The Chesapeake Clean Water Blueprint is working. Over the long term, polluted runoff in many areas is decreasing, along with summer dead zones. But the road to finishing the job is steep. In addition to the unique challenges each state must overcome to meet the Blueprint targets, climate change and the continuing loss of forests and farmland to development are serious threats to progress. In fact, they are increasing the amount of pollution in the watershed. To address these challenges and meet the 2025 Blueprint targets on time, the U.S. Environmental Protection Agency (EPA) must hold states accountable to their commitments and the federal government should play a larger role in mobilizing the resources necessary to finish the job.

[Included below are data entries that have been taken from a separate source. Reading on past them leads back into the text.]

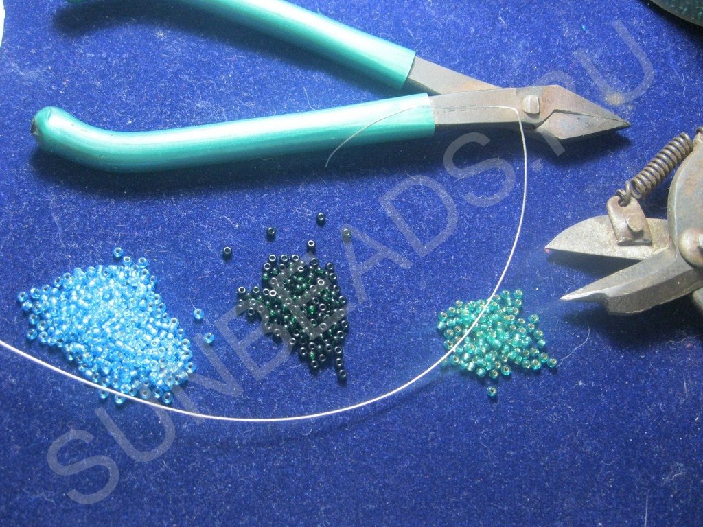 Кончики проволоки можно развести в стороны, чтобы бисер не слетел или же, скрутить их плоскогубцами.
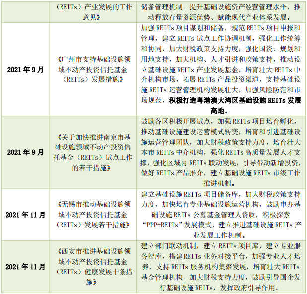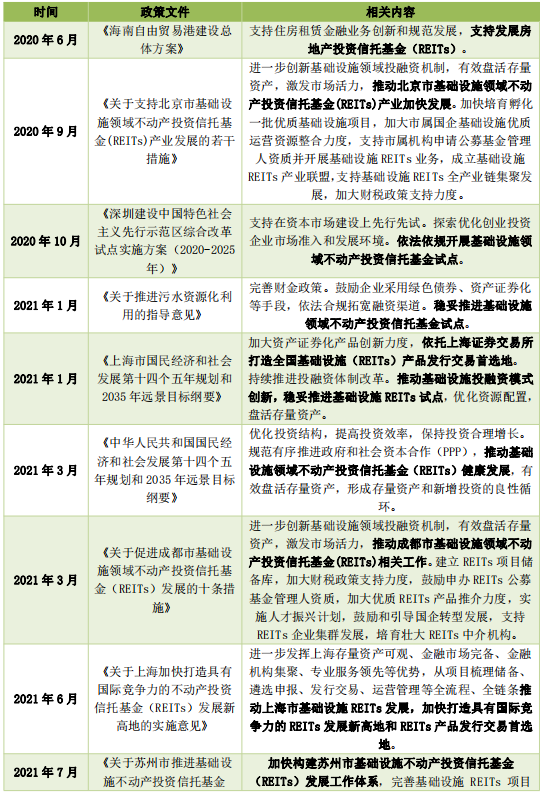 另外,中央、地方政府出臺的部分政策文件、省市區(qū)域的遠(yuǎn)景規(guī)劃也將REITs列為重要內(nèi)容之一,推動REITs在重點(diǎn)省份、城市與行業(yè)的應(yīng)用和推廣。部分核心一、二線城市如北京、上海、成都、蘇州也相繼推出促進(jìn)本市及所在區(qū)域的基礎(chǔ)設(shè)施REITs發(fā)展的政策或?qū)嵤┐胧?,?gòu)建本市基礎(chǔ)設(shè)施REITs發(fā)展工作體系,推動地方基礎(chǔ)設(shè)施REITs健康持續(xù)發(fā)展。
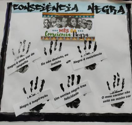 Foram apresentados vídeos explicativos sobre o contexto da escravatura, imagens e dados que expõem a desigualdade racial no Brasil.
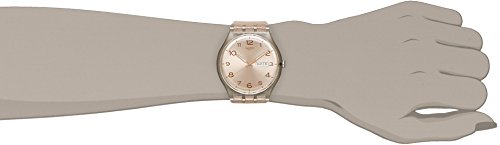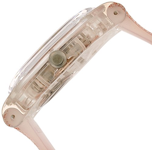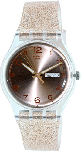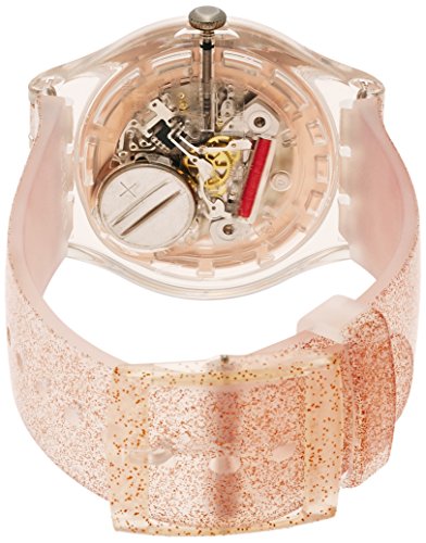 Transparent plastic case with a pink silicone strap. Fixed transparent plastic bezel. Pink gold dial with luminous pink gold-tone hands and Arabic numeral hour markers. Dial Type: Analog. Luminescent hands. Day of the week and date display at the 3 o'clock position. Quartz movement. Plastic crystal. Pull / push crown. Solid case back. Case diameter: 41 mm. Case thickness: 10 mm. Round case shape. Band width: 20 mm. Tang clasp. Water resistant at 30 meters / 100 feet. Functions: date, day, hour, minute, second. Casual watch style. Swatch Glistar Pink Gold Dial Pink Silicone Ladies Watch SUOK703.Feature
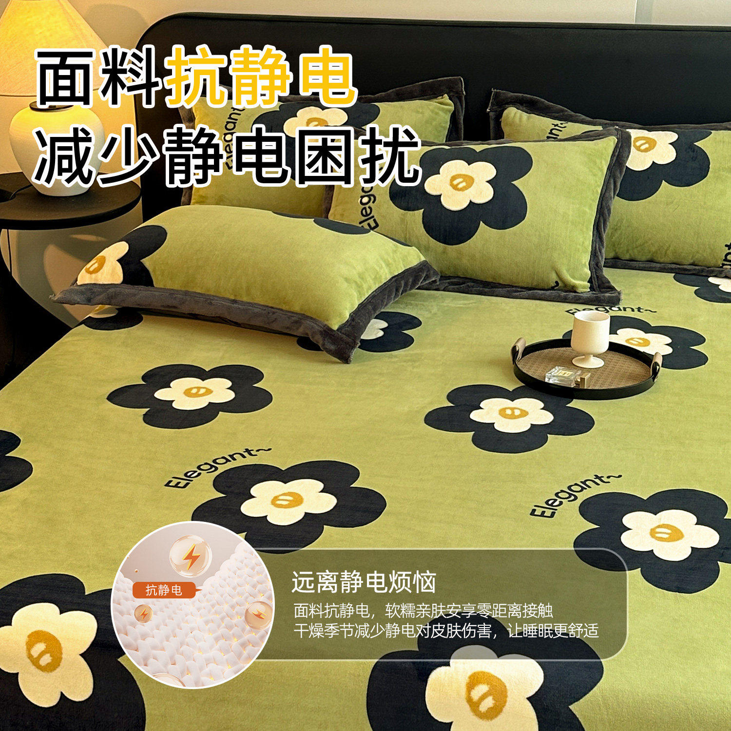 高克重牛奶绒加厚床单出租屋珊瑚绒秋冬保暖床褥防尘床笠学生宿舍

Climate change is affecting the Chesapeake Bay and rivers and streams across the watershed—adding more stress to a system still out of balance. Water and air temperatures are increasing, putting both wildlife and people at risk of dangerous heat and worsening the Bay’s low-oxygen dead zone. Sea levels are rising at a rate nearly twice the global historic average, causing damage to habitat and property. And record-breaking storms are becoming more common, washing more pollution into rivers and the Bay. All of this makes achieving pollution-reduction targets more difficult. Watershed-wide, EPA and the states agreed practices need to be in place to reduce an additional 5 million pounds of nitrogen and 0.5 million pounds of phosphorus by 2025 to account for climate change. The states must incorporate these additional reductions into their Blueprint plans beginning in 2022. Preliminary estimates indicate that number could double—requiring 10 million pounds of additional nitrogen reductions—by 2035, highlighting the urgency of addressing climate change impacts now, rather than later.
Land Development and Accounting for Growth
Preliminary data suggest that between 2014 and 2018, the Chesapeake Bay watershed experienced a net change of 270,000 acres of forest and non-urban tree canopy due to such land use/land cover modifications as timber harvest, urbanization, agricultural expansion, and other drivers. Preliminary data suggest that within the watershed, we have added nearly 25,000 acres per year of new urban land over a recent four-year timeframe. These are troubling figures for the watershed’s future. Forests and other open lands provide wildlife habitat, moderate heat, supply fresh water for drinking, trap carbon, and are crucial for filtering out pollution before it reaches rivers, streams, and the Bay. But none of the states are accounting for or adequately offsetting the effects of this loss. Nor do state regulations adequately account for the additional polluted runoff generated by new roads, lawns, buildings, and other hard surfaces. To achieve the Blueprint by 2025—and protect the long-term health of streams and the Bay—this must change.
Federal Accountability and Partnership
EPA is the only independent party that can hold states accountable to their Blueprint commitments. It is required to exercise its authority under the Clean Water Act to ensure that all Bay jurisdictions develop plans that meet their targets for reducing pollution by 2025. To date, the agency has failed. After EPA initially accepted inadequate plans from New York and Pennsylvania, CBF and our partners, in conjunction with three watershed states and the District of Columbia, sued the agency in 2020. But plans alone are not enough. Pennsylvania is due to submit an updated plan to EPA, but the agency must ensure there is reasonable assurance the Commonwealth can implement it on time. Pennsylvania’s historically paltry funding for clean water and enormous gap in progress to date indicate the need for drastic change. EPA must take much more forceful action to ensure that change happens.
Additionally, the Bay restoration’s federal partners must step up to the plate. The best chance to achieve the Blueprint is a major acceleration of conservation practices on farms, particularly in Pennsylvania. The same practices that improve water quality can reduce greenhouse gas emissions and build resilience to climate change. The federal government should urgently direct all possible resources to support this effort and the United States Department of Agriculture (USDA) should establish the Chesapeake Resilient Farms Initiative to ensure that sufficient levels of federal funding for agricultural conservation practices are sent to areas in the watershed that will have the greatest impact.